1950s Style Taxes On The Rich Won’t Help National Debt [Video]


When arguing over the Fiscal Cliff and national debt the claim is that higher taxes on the rich could solve all our financial problems. Investing guru Warren Buffett and The New York Times columnist Paul Krugman argue that the tax code should revert to the 1950’s, when business was booming despite an extremely high tax rate on the rich of 91 percent. Some financial experts believe this idea is mistaken.

According to RealClearPolitics, Paul Krugman has a misplaced nostalgia for the 1950’s:

“America in the 1950’s made the rich pay their fair share; it gave workers the power to bargain for decent wages and benefits; yet contrary to right-wing propaganda then and now, it prospered. And we can do that again.”

Peter Schiff, the CEO and chief global strategist of Euro Pacific Capital, says those who desire 1950’s-style tax rates are not looking at the whole picture. Schiff told The Daily Ticker that taxing the rich based upon 1950’s style rules would not work:

“There’s a myth out there propagated by people like Warren Buffett that the rich used to pay much higher rates of tax than they do today. The truth is the opposite.”

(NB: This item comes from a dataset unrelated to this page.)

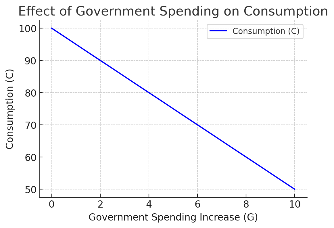 정부지출이 증가할수록 소비가 감소하는 경향을 나타낸다. 이는 구축 효과(Crowding-Out Effect)로 인해 정부지출 증가가 민간 소비를 감소시키기 때문이다.

Peter Schiff is best known for his 2007 book Crash Proof, where Schiff correctly predicted the collapse of the housing bubble and the following 2008 financial crisis. He explains to The Daily Ticker why this idea of taxing the rich did not work then:

“When they first created [the federal income tax], the top rate was only seven percent. It was sold to the public as a tax that would only hit the rich. It was to soak the rich, very similar to the debate we’re having today. Relatively soon, it was middle-class Americans that were drowning in an income tax with rates much higher than what was reserved for the rich.”

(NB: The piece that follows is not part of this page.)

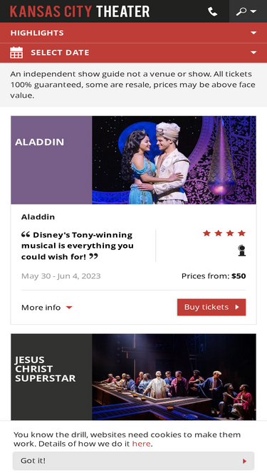 92%kansas city theater is your guide to shows in kansas city mo's theaters. find broadway shows, musicals, plays, stand-up comedy and concerts and buy tickets with us now.

Schiff explains how the tax shelters of the day allowed the rich to hide their wealth away from the government:

“Back in the 1950s there was only one kind of income; now there’s three. Back then income was income. You could deduct losses in one category from gains in another category. Today you cannot do that. In fact, if we really were going to go back to the tax code of the 1950s, we’d have to have massive tax cuts for the millionaires and billionaires and big tax increases for everybody else.”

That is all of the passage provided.